Een botbreuk bij een gevallen oudere zou een reden moeten zijn om de medicatie aan te pakken.
Dat schrijft Medisch Contact naar aanleiding van een onderzoek in JAMA Internal Medicine.
Voor het onderzoek werden medicatielijsten van Amerikaanse senioren voor en na een val (die resulteerde in een fractuur) vergeleken. De onderzoekers concentreerden zich daarbij op medicijnen die de kans op een val vergroten (zoals benzodiazepines), de botdichtheid verminderen (zoals protonpompremmers) of om onopgehelderde redenen de kans op een breuk verhogen (de auteurs noemen hierbij lisdiuretica). Ze gebruikten verzekeringsdata om medicatie in de vier maanden vóór en vier maanden ná de val van ruim 168 duizend ouderen te vergelijken. De patiënten hadden heup-, schouder- of polsfracturen opgelopen. De gemiddelde leeftijd was 80 jaar, 84 procent was vrouw.
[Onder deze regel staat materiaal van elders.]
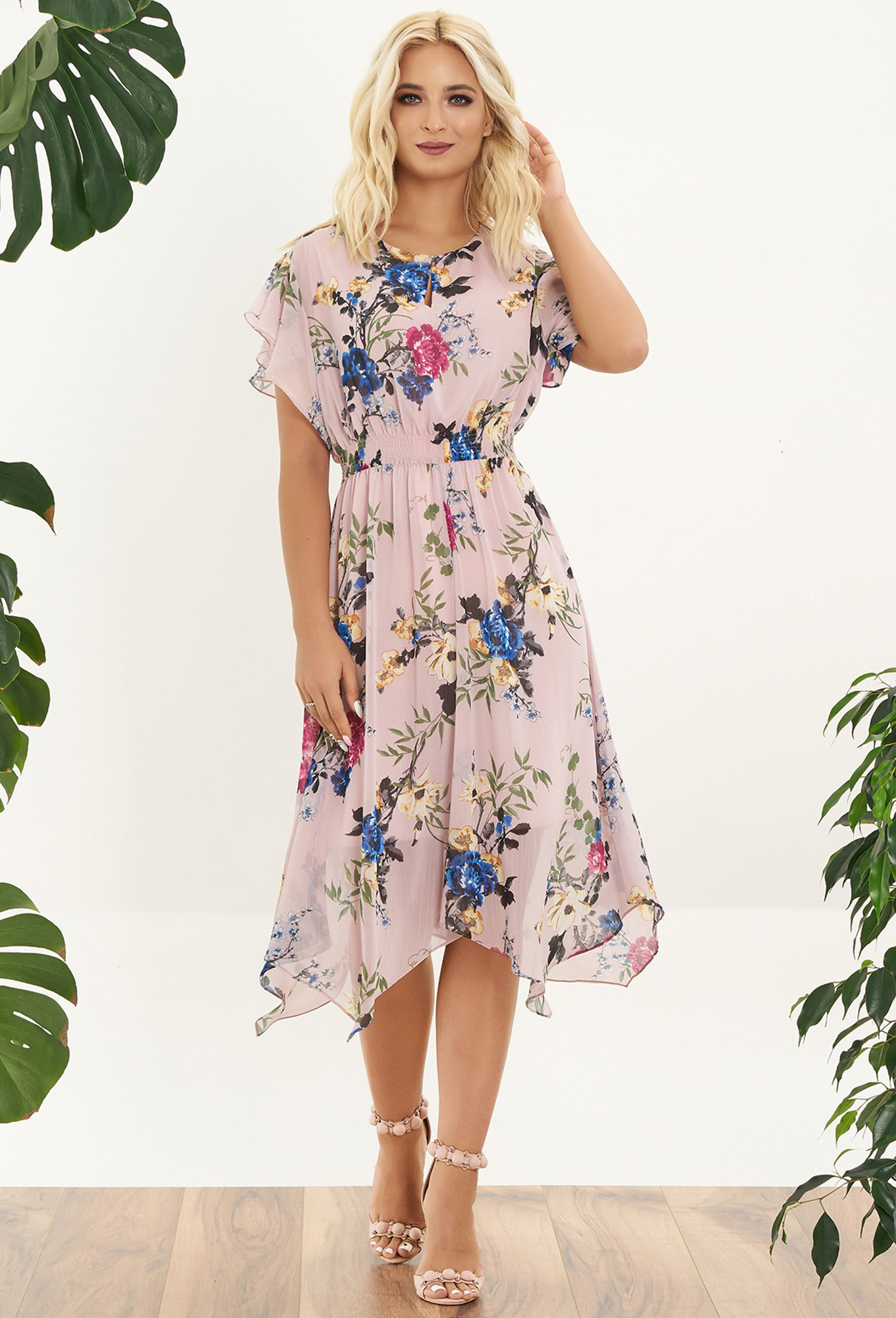 Романтическое платье из струящегося фактурного шифона с цветочным принтом и фигурным низом. Платье свободного кроя с акцентированной талией, собранной тонкими резинками в несколько рядов , что делает силуэт более женственным. Овальный вырез горловины с разрезом и застежкой на декоративную пуговицу. Короткий цельнокроеный рукав с декоративным воланом.

Ruim 80 procent van hen slikte voorafgaand aan de fractuur één van de genoemde middelen. Nadien was dat zelfs 88 procent. Als de opiaten buiten beschouwing werden gelaten was het zowel voor als na de breuk ruim driekwart. Van hen stopte 7 procent daarmee na de val, maar net zo’n grote groep begon ermee.
Lees hier het volledige artikel.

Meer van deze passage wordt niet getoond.